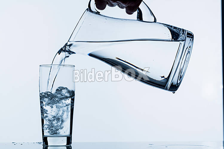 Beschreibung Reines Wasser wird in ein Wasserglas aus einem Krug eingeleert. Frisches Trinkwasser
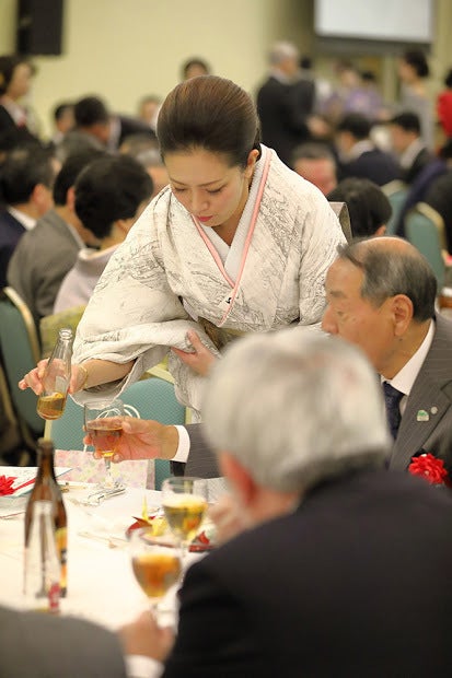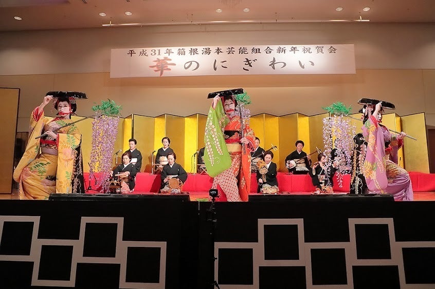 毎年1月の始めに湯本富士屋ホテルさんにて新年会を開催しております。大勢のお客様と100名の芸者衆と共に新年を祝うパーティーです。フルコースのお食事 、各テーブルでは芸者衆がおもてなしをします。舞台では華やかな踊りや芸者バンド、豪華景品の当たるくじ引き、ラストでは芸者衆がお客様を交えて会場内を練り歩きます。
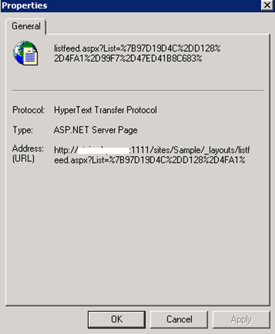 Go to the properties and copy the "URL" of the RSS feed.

+ + + +

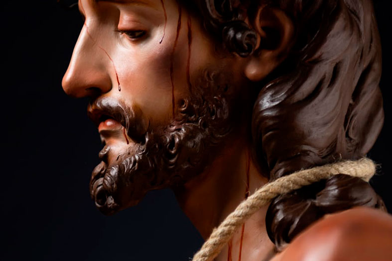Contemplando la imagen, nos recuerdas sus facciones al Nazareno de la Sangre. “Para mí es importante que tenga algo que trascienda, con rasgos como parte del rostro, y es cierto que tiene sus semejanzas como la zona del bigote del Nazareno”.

+ + + +

» **TO DO**
Although the records hold pictures, the copy must not; give again exactly the lines from the one with "Beschreibung Reines Wasser" through the one with "Go to the properties".

» **TASK SOLUTION**
 Beschreibung Reines Wasser wird in ein Wasserglas aus einem Krug eingeleert. Frisches Trinkwasser
 毎年1月の始めに湯本富士屋ホテルさんにて新年会を開催しております。大勢のお客様と100名の芸者衆と共に新年を祝うパーティーです。フルコースのお食事 、各テーブルでは芸者衆がおもてなしをします。舞台では華やかな踊りや芸者バンド、豪華景品の当たるくじ引き、ラストでは芸者衆がお客様を交えて会場内を練り歩きます。
 Go to the properties and copy the "URL" of the RSS feed.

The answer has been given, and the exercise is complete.